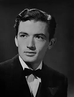 After gaining stage recognition, Peck was offered his first film role at RKO Radio Pictures, the male lead in the war-romance Days of Glory (1944), directed by Jacques Tourneur, alongside top-billed Tamara Toumanova, a Russian-born ballerina.[14] Peck portrayed the leader of Russian guerrillas resisting the Germans in 1941 who stumble across a beautiful Russian dancer (Toumanova), who had been sent to entertain Russian troops; they protect her by letting her join their group.[14][22] During production of the film, Tourneur "untrained" Peck from his theater training where he was used to speaking in a formal manner and projecting his voice to the entire hall.[23] Peck considered his performance in the film as quite amateurish and did not wish to watch the film after it was released.[23] The film lost money at the box office, disappeared from theaters quickly,[24][25] and was largely dismissed by critics.[26][23]
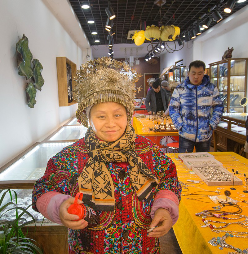 目前“苗奶奶”有12个员工,3个贵州人、9个西安人,店里的银饰大都是她和女儿设计的。杨玉芬不仅在凯里老家开办了银饰加工厂,还在西安招收徒弟叫他们现场做。她的女儿从北京城市学院珠宝设计专业毕业后,现在西安一家大商场租了专柜经营“苗奶奶”银饰。几年下来,“苗奶奶”在回民街名气大增,日进斗金,银饰还多次卖到美国、澳大利亚和欧洲各国。这些年,隔三差五出国去展卖“苗奶奶”银饰,对杨玉芬来说已成家常便饭,光是欧洲她就去了五六趟。
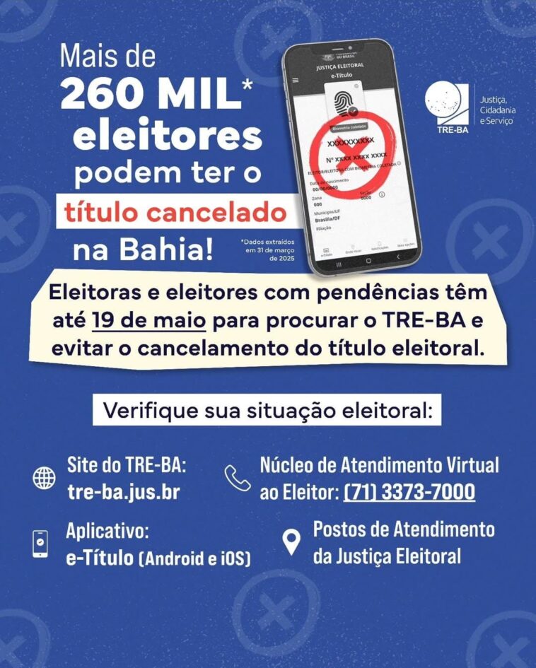 Para consultar se está com pendências na Justiça Eleitoral, é preciso acessar um dos seguintes canais: site do TRE-BA (www.tre-ba.jus.br), aplicativo e-Título (disponível gratuitamente para Android e iOS) ou pelo telefone (71) 3373-7000. A consulta também pode ser feita presencialmente em um cartório eleitoral ou nos postos da Justiça Eleitoral.
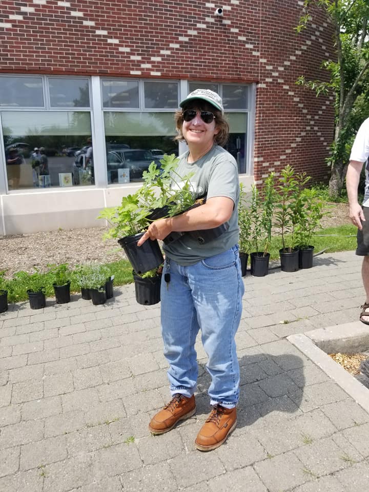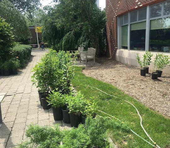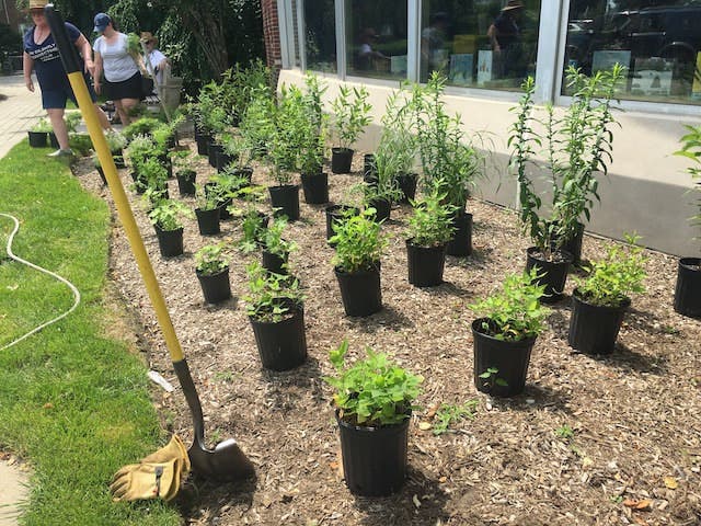 Plants were staged at the entrance of the Riverhead Free Library. The plants included a variety of asters and milkweeds, and other natives selected for color, shade to sun tolerance, pollinator benefit, spread and height characteristics, and soil conditions. Parsley and thyme were also planted for butterfly benefit.
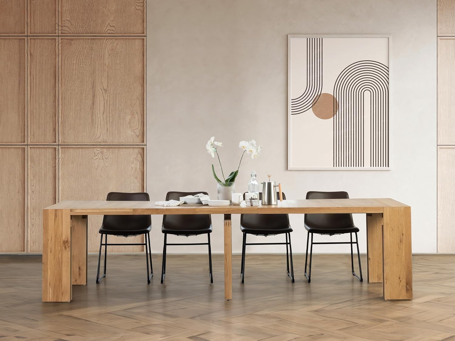 Review: This is a beautiful, well made and sturdy table! It looks beautiful in our home and we love that it’s adjustable up to a 12. One downside, when only putting in one leaf we could not fit two chairs on one side even though there was a gap. We had to add another leaf. Regardless it’s a beautiful table. Strongly recommend.
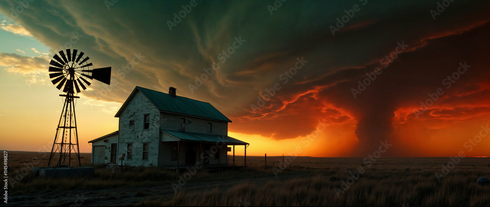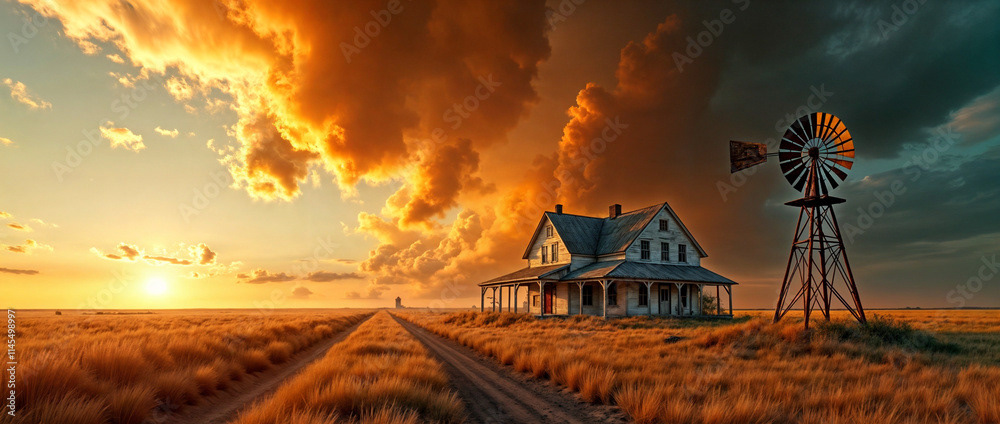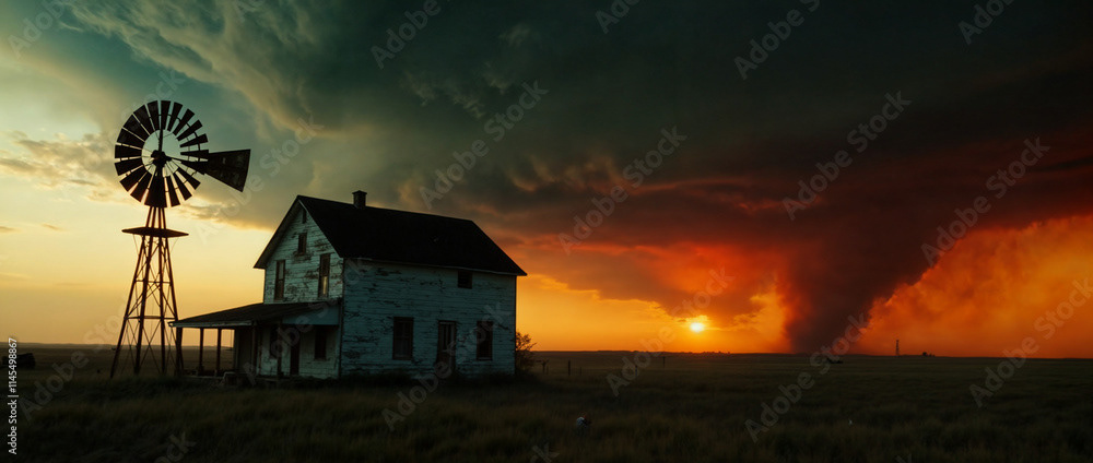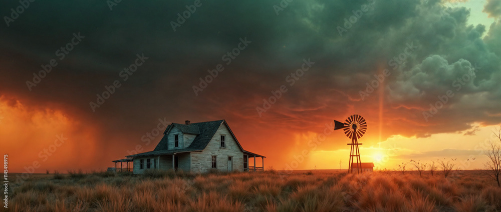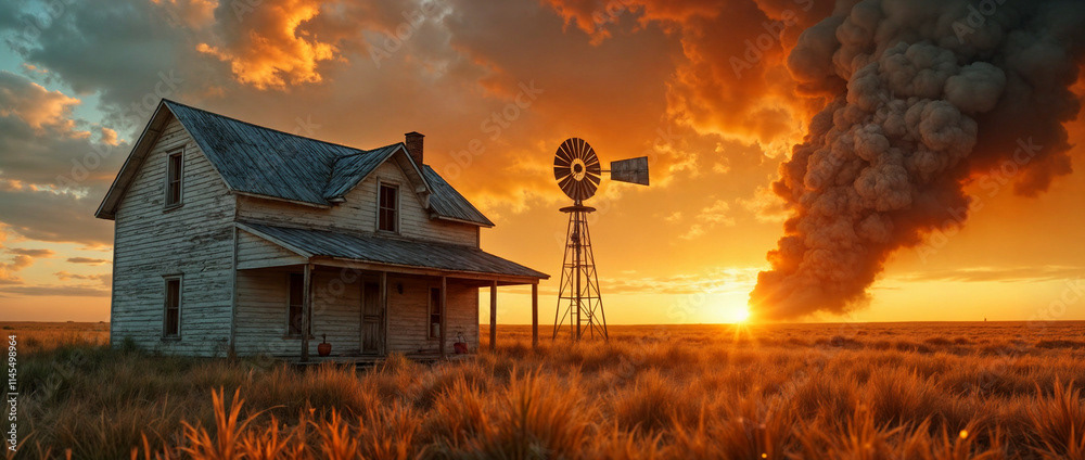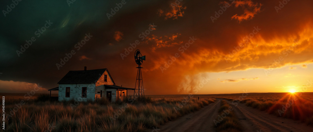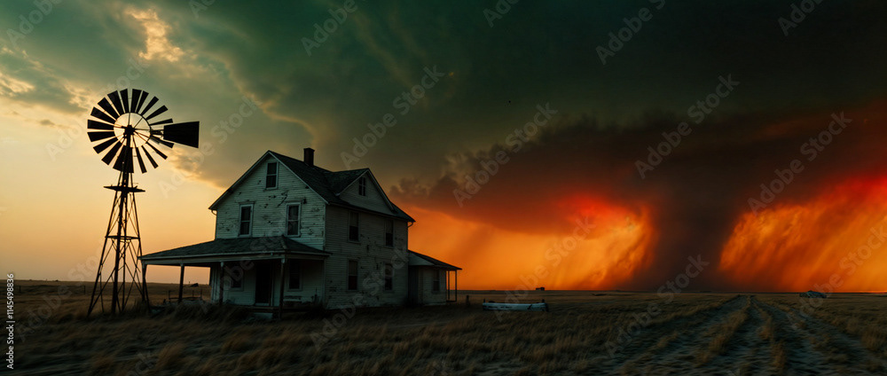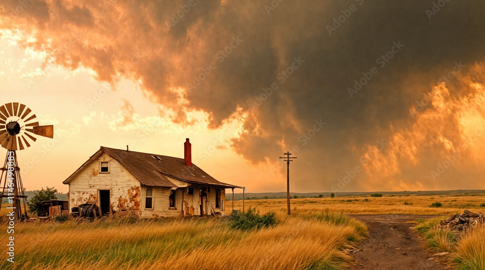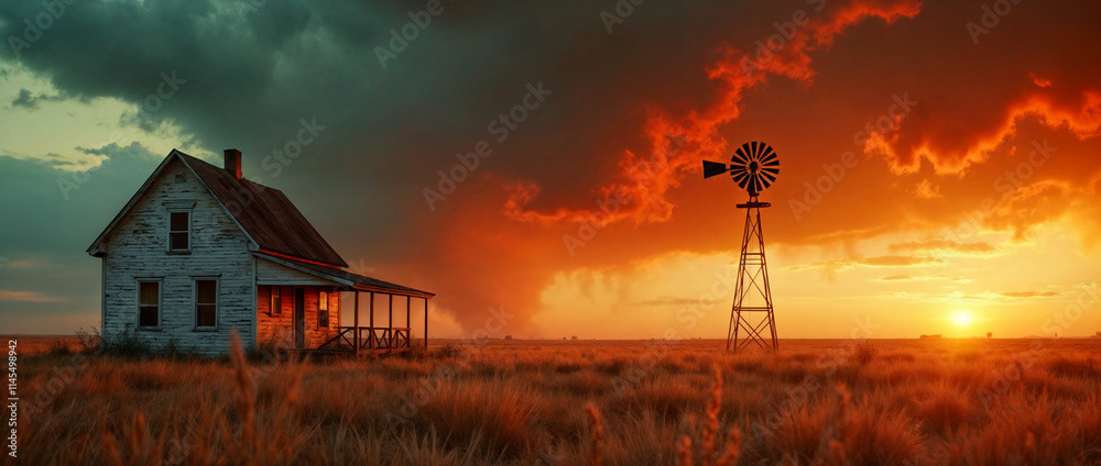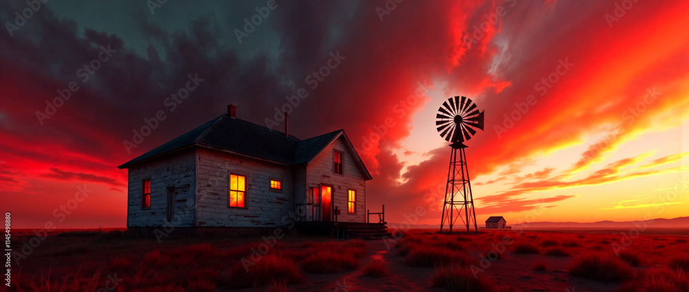 A rustic scene featuring an abandoned farmhouse and a classic windmill set against a stunning prairie sunset. The vibrant orange and red hues blend with ominous storm clouds, creating a dramatic and moody atmosphere that evokes both serenity and mystery.
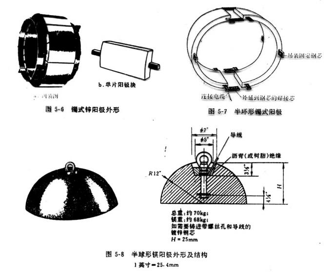 在陽極形狀的選擇上,根據(jù)被保護(hù)對(duì)象,環(huán)境的具體情況選擇陽極形狀,土壤中多用棒形陽極(截面有梯形、D形、矩形等),如果是其它形狀的陽極,則多用于特殊場合中。
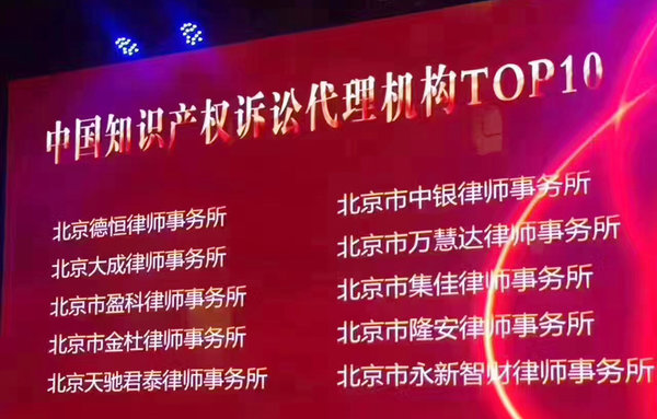 2017年6月23日,备受关注的知产宝“2016年度中国十佳知识产权诉讼代理机构榜单发布会”在北京隆重举行,竞彩网凭借稳健的综合实力,入选“中国知识产权诉讼代理机构”TOP10和“中国商标行政诉讼代理机构”TOP10榜单。国内知识产权知名法律服务机构,近百位国内外大中型企业代表,以及36家知名媒体齐聚一堂,共同见证了榜单发布情况。
□ □ □ □ □ □ □
Print each entry shown above with exact wording and no pictures.

- **FINAL ANSWER**
 After gaining stage recognition, Peck was offered his first film role at RKO Radio Pictures, the male lead in the war-romance Days of Glory (1944), directed by Jacques Tourneur, alongside top-billed Tamara Toumanova, a Russian-born ballerina.[14] Peck portrayed the leader of Russian guerrillas resisting the Germans in 1941 who stumble across a beautiful Russian dancer (Toumanova), who had been sent to entertain Russian troops; they protect her by letting her join their group.[14][22] During production of the film, Tourneur "untrained" Peck from his theater training where he was used to speaking in a formal manner and projecting his voice to the entire hall.[23] Peck considered his performance in the film as quite amateurish and did not wish to watch the film after it was released.[23] The film lost money at the box office, disappeared from theaters quickly,[24][25] and was largely dismissed by critics.[26][23]
 目前“苗奶奶”有12个员工,3个贵州人、9个西安人,店里的银饰大都是她和女儿设计的。杨玉芬不仅在凯里老家开办了银饰加工厂,还在西安招收徒弟叫他们现场做。她的女儿从北京城市学院珠宝设计专业毕业后,现在西安一家大商场租了专柜经营“苗奶奶”银饰。几年下来,“苗奶奶”在回民街名气大增,日进斗金,银饰还多次卖到美国、澳大利亚和欧洲各国。这些年,隔三差五出国去展卖“苗奶奶”银饰,对杨玉芬来说已成家常便饭,光是欧洲她就去了五六趟。
 Para consultar se está com pendências na Justiça Eleitoral, é preciso acessar um dos seguintes canais: site do TRE-BA (www.tre-ba.jus.br), aplicativo e-Título (disponível gratuitamente para Android e iOS) ou pelo telefone (71) 3373-7000. A consulta também pode ser feita presencialmente em um cartório eleitoral ou nos postos da Justiça Eleitoral.
 Plants were staged at the entrance of the Riverhead Free Library. The plants included a variety of asters and milkweeds, and other natives selected for color, shade to sun tolerance, pollinator benefit, spread and height characteristics, and soil conditions. Parsley and thyme were also planted for butterfly benefit.
 Review: This is a beautiful, well made and sturdy table! It looks beautiful in our home and we love that it’s adjustable up to a 12. One downside, when only putting in one leaf we could not fit two chairs on one side even though there was a gap. We had to add another leaf. Regardless it’s a beautiful table. Strongly recommend.
 A rustic scene featuring an abandoned farmhouse and a classic windmill set against a stunning prairie sunset. The vibrant orange and red hues blend with ominous storm clouds, creating a dramatic and moody atmosphere that evokes both serenity and mystery.
 在陽極形狀的選擇上,根據(jù)被保護(hù)對(duì)象,環(huán)境的具體情況選擇陽極形狀,土壤中多用棒形陽極(截面有梯形、D形、矩形等),如果是其它形狀的陽極,則多用于特殊場合中。
 2017年6月23日,备受关注的知产宝“2016年度中国十佳知识产权诉讼代理机构榜单发布会”在北京隆重举行,竞彩网凭借稳健的综合实力,入选“中国知识产权诉讼代理机构”TOP10和“中国商标行政诉讼代理机构”TOP10榜单。国内知识产权知名法律服务机构,近百位国内外大中型企业代表,以及36家知名媒体齐聚一堂,共同见证了榜单发布情况。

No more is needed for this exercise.